EXERCISE PROMPT: When the line containing "Israeli fashion model" appears in the entries below, begin printing there and stop after the line containing "Above: The Herald"; print each of those lines exactly and no other line.
*** RECORDS TO PROCESS ***
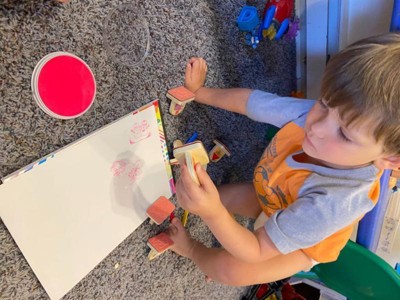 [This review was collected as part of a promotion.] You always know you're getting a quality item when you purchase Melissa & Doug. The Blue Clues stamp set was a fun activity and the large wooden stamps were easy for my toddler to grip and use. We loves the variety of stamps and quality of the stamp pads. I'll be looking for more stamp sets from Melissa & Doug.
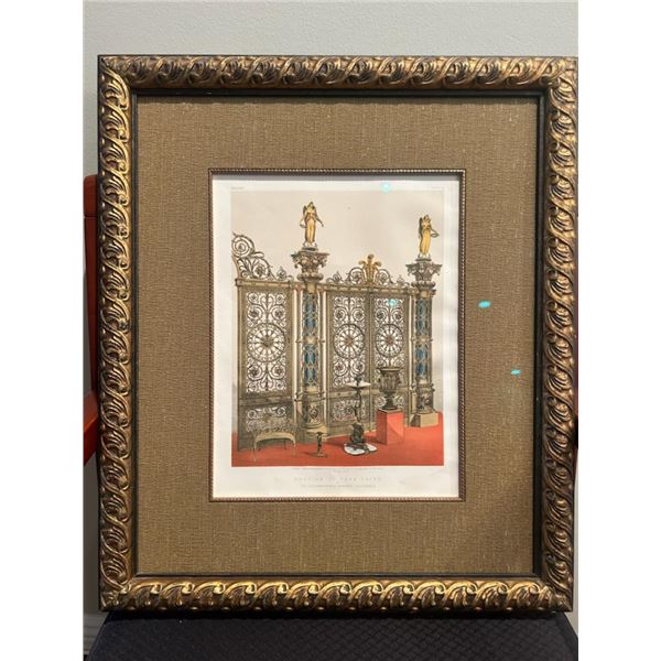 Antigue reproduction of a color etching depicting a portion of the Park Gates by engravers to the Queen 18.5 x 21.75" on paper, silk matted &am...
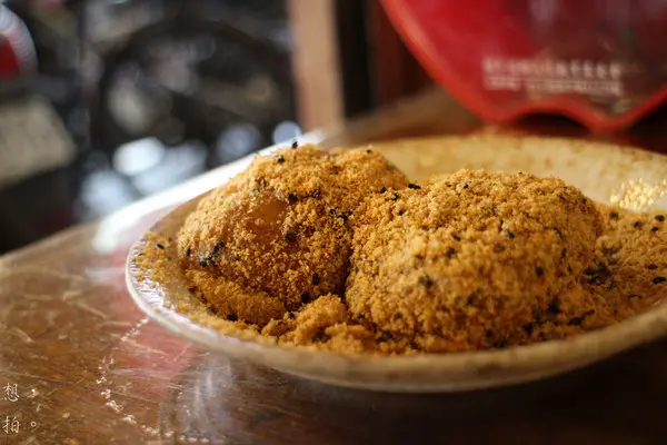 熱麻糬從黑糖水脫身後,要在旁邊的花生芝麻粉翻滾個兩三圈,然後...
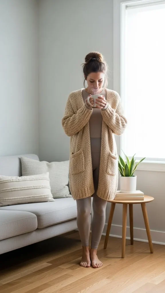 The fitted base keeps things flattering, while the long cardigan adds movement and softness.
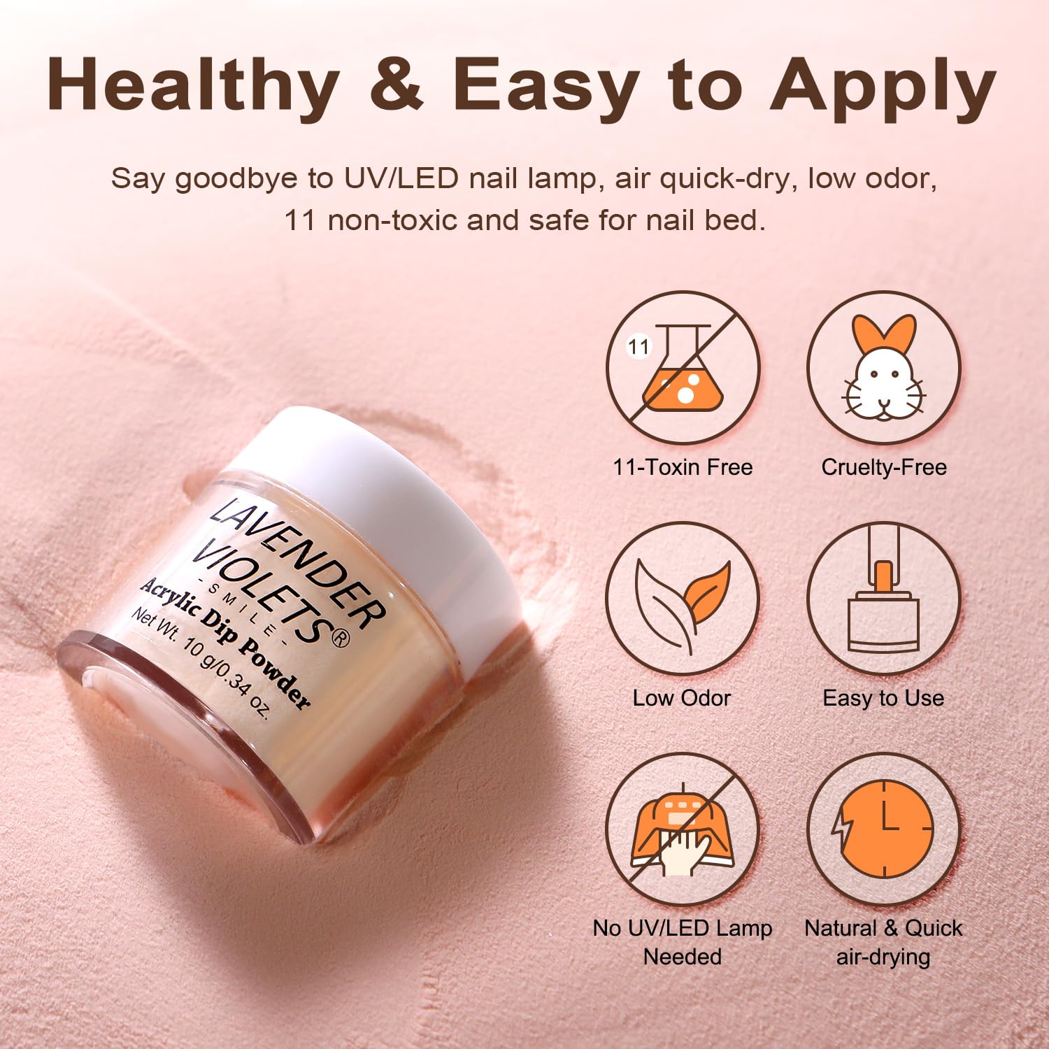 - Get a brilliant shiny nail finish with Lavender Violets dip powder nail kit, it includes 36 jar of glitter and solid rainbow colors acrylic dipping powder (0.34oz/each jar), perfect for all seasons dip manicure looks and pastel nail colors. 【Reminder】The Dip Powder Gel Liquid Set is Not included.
*** End of RECORDS TO PROCESS ***
*** RECORDS TO PROCESS ***
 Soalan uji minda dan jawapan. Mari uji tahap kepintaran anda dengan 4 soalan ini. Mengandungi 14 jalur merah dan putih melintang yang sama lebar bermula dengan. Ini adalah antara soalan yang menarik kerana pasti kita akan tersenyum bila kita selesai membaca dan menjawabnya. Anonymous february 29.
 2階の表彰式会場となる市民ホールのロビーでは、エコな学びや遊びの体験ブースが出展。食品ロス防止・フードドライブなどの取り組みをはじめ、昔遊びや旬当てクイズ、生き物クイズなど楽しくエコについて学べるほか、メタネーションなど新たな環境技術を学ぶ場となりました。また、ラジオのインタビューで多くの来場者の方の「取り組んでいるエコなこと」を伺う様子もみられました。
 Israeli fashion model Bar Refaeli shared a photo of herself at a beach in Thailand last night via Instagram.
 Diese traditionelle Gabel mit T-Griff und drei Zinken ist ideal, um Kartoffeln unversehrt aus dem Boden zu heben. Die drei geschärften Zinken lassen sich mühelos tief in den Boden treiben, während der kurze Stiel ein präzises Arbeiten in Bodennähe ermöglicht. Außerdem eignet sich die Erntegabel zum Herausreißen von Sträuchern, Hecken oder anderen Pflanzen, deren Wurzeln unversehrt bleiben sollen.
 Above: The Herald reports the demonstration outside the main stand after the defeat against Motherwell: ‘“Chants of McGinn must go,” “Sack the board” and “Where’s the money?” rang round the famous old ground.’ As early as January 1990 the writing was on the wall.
*** End of RECORDS TO PROCESS ***
WRITTEN RESPONSE:
 Israeli fashion model Bar Refaeli shared a photo of herself at a beach in Thailand last night via Instagram.
 Diese traditionelle Gabel mit T-Griff und drei Zinken ist ideal, um Kartoffeln unversehrt aus dem Boden zu heben. Die drei geschärften Zinken lassen sich mühelos tief in den Boden treiben, während der kurze Stiel ein präzises Arbeiten in Bodennähe ermöglicht. Außerdem eignet sich die Erntegabel zum Herausreißen von Sträuchern, Hecken oder anderen Pflanzen, deren Wurzeln unversehrt bleiben sollen.
 Above: The Herald reports the demonstration outside the main stand after the defeat against Motherwell: ‘“Chants of McGinn must go,” “Sack the board” and “Where’s the money?” rang round the famous old ground.’ As early as January 1990 the writing was on the wall.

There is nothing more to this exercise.